Honto.jp canceled my two recent orders and so I had to look for a decent alternative for my Japanese book shopping needs. Not gonna lie the careful packaging and the book wrapping service by honto was truly on another level. I’m gonna miss them. But since I was basically pushed to move to another source there is not much that can be done. Of course, I had a look at the obvious contender Amazon.co.jp before which was only offering a rather expensive EMS shipping back in the day. I’m not sure when this changed but when I was putting in my first order with them last Sunday (ordered the Kill Bill limited edition Box set and the Panic Room and Léon the professional LE back in maybe 2005, but that doesn’t count anymore) they were offering a reasonably priced “priority shipping” to say it with amazon’s own words. The big plus: Amazon was shipping via DHL Express with meant a delivery time of just 3 days from Japan to Germany instead of always two weeks+ with SAL shipping via honto.
The shipping experience
The shipping costs were roughly the same I paid with honto but like always when ordering from amazon internationally (outside of Europe for me) import taxes were calculated immediately at checkout. That wasn’t the case with honto and is not the case with CDjapan today. I have to say that these extra costs didn’t bother me too much because it annihilated the possibility of a visit to the local customs duty shop. And if you have gone there in your local area you know what a drag it is and how unbearably annoying these visits are. But: I never went there for books from honto or Cdjapan before. They always slipped through or I paid directly at my doorstep (custom duties) because a trustworthy receipt was attached to the parcel.
What I picked up
Now on to the most important part: What I picked up. I always like to browse through the latest releases by The Japan Times (Genki’s mothership) and because my trip to Japan this year had to be canceled due to the COVID-19 outbreak I still wanted to get my girlfriend to experience a little Japanese flavor in our home.

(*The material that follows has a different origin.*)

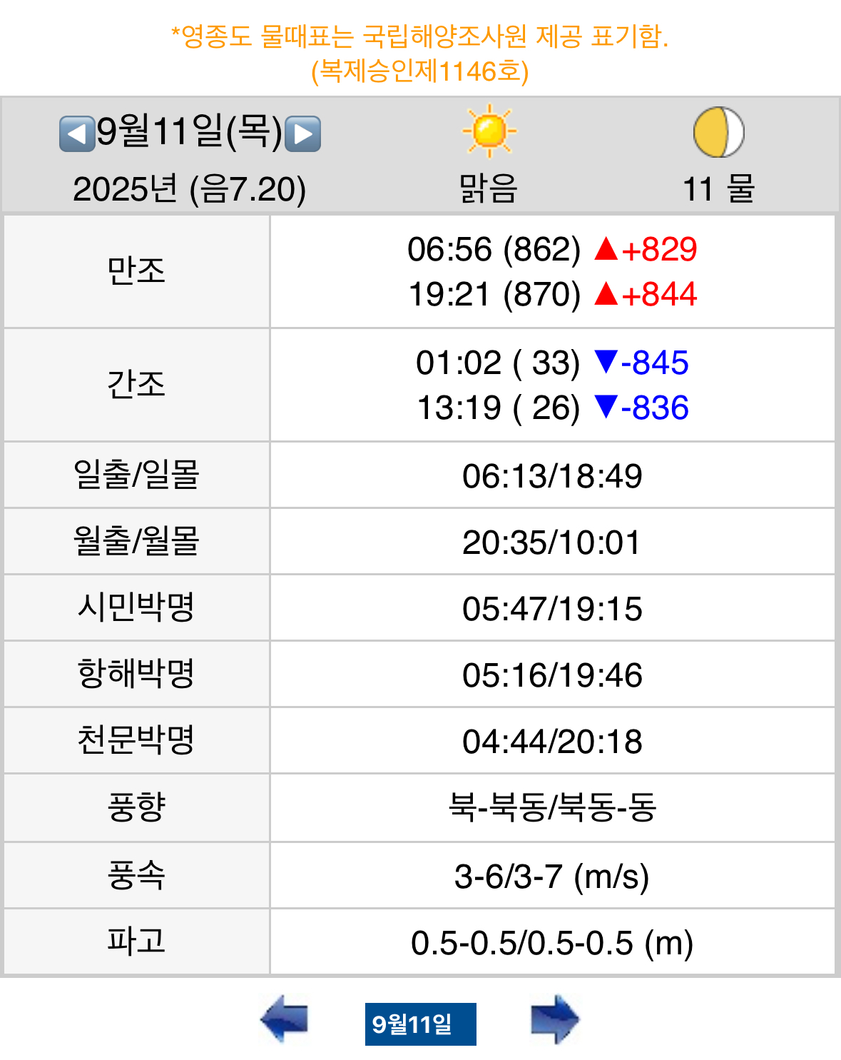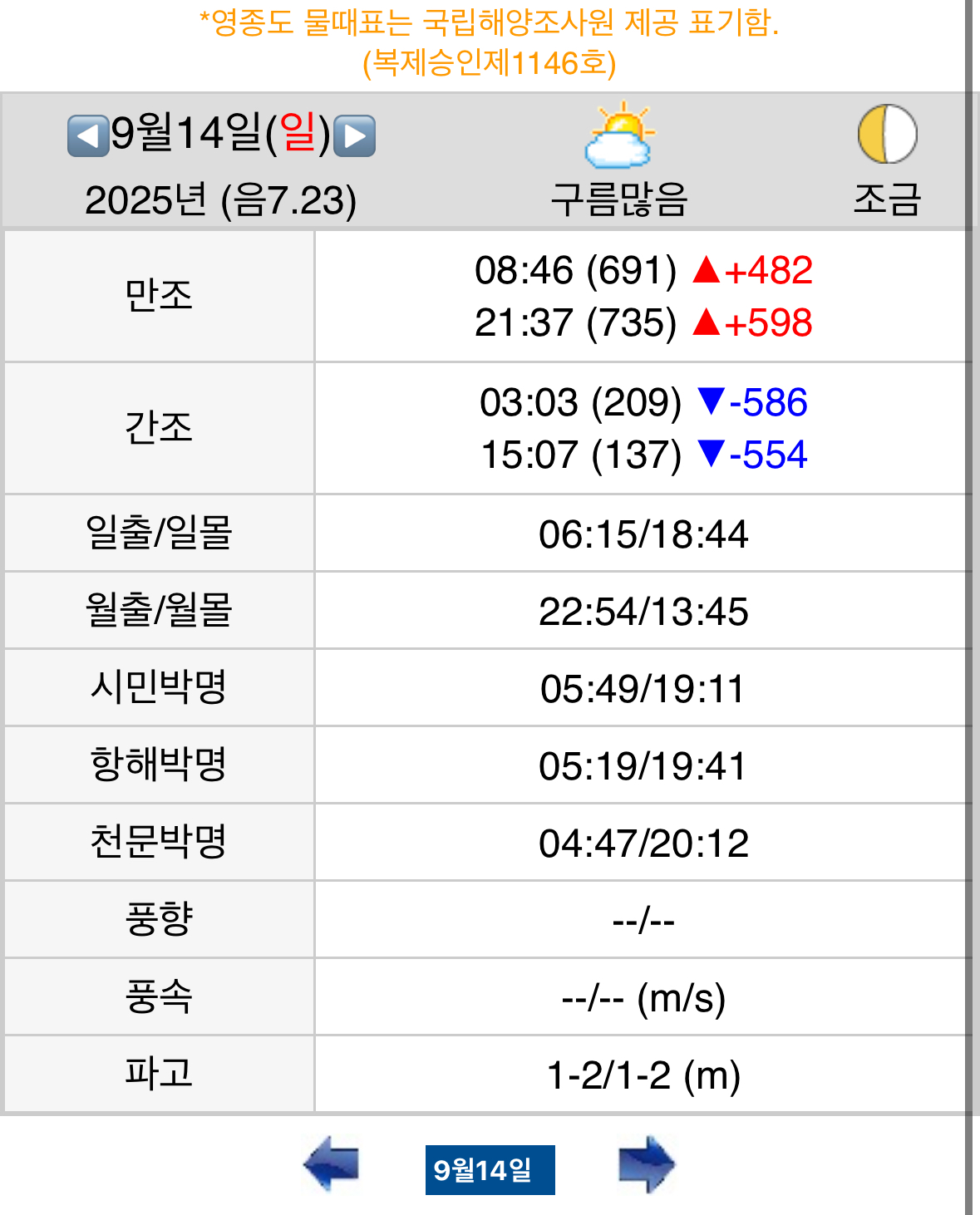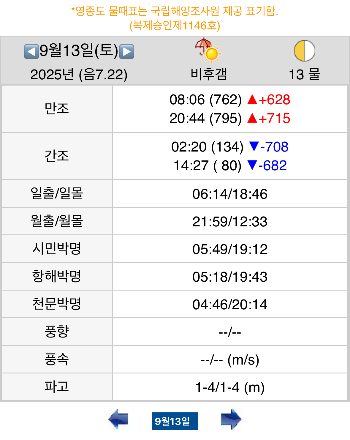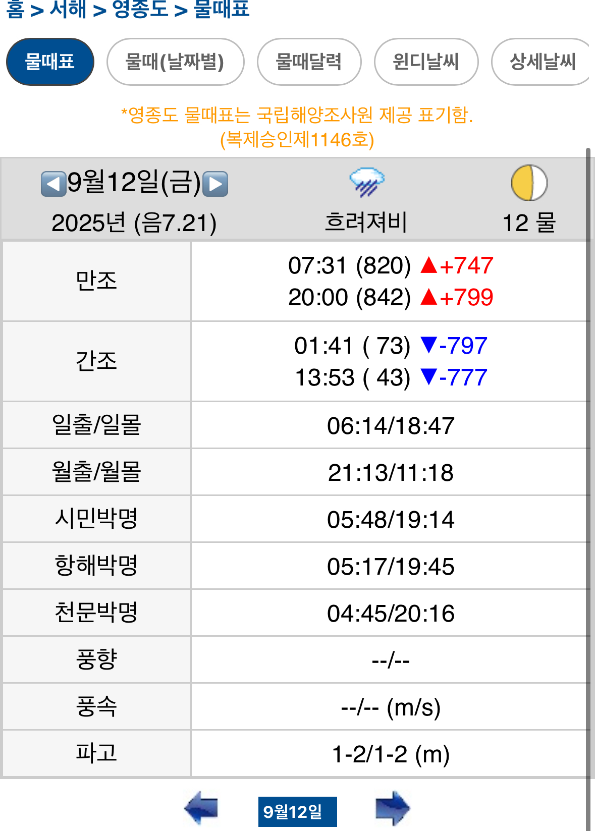 ํด์์์ฐ๋ถ๋ ๊ธฐ์์ฒญ ํด์์ ๋ณด, ๋๋ ๋ฐ๋คํ์๋ท์ปด๊ณผ ๊ฐ์ ์น์ฌ์ดํธ์์ ๋ ์ง๋ณ ์กฐ์ํ(๋ง์กฐยท๊ฐ์กฐ ์๊ฐ ๋ฐ ์์)๋ฅผ ํ์ธํ ์ ์์ต๋๋ค.

I’m a kid of the 90s and the Game Boy was definitely (and still is) the most important gaming machine in my life. I never had a console when growing up (my parents didn’t allow me to have one because they didn’t want me to spend too much time in front of the TV). So apart from gaming at friend’s houses, my OG grey Game Boy was the only gaming system I had.
I still remember the disparity between the beautiful artwork on the packaging and the game itself. That was really a time when imagination played a huge part in handheld gaming. Later on, I got that clear purple Game Boy Color (which I still own today).
Japanese culture and history explained by foreigners and Japanese people alike. I like the bilingual format but I actually wonder how many Japanese people are picking this up.
These are two books actually about some landmark cities in the east and west of Japan. Unfortunately, these medium (rather small-medium) sized books don’t contain any pictures which would have made them 1000% better.
Don’t get me wrong, there are a lot of interesting facts and anecdotes in these two little books (which are still recommended) but including a nice picture of Hachiko and the Shibuya Scramble (even if it was from Persona 5) wouldn’t have hurt.
And now look, these guys got it right. Lots of pictures included. The complete guide… is actually a series of books devoted to different parts of Japanese society. I like that Japanese keywords are printed on the right side of each statement. Very nice book with a lot of previously unknown (for me) fun facts about Japanese commodities and traditions. Just have a look at these gorgeous model foods.
The last one is one for the Japanese learners and I will definitely devote a full post to this one. You don’t actually need the Dictionary of basic Japanese grammar for the multimedia workbook to be enjoyable and beneficial to your learning experience. You practically find all the explanations in the book. It is meant to be used in conjunction with PowerPoint slides which can be downloaded for free from the Japan Times website.
You will be surprised (at least I was) but this method works like a charm. The slides are basically workbook-style tasks where you have to fill in the blanks or form a sentence. There is even audio included in the slides (but unfortunately that didn’t work for me). Again: A full article about this fantastic book is incoming.
Thanks for reading and sharing the love. I just started to get a Japanese teacher on iTalki for some conversation practice, revising grammar, and all the stuff in between. With my full-time job and working on my paper (so glad when this will finally be done) I had problems with sticking to my Japanese study routine. Ok, I always had these problems but they got worse :) So I think a weekly appointment with a nice Japanese teacher might help me to stay on track.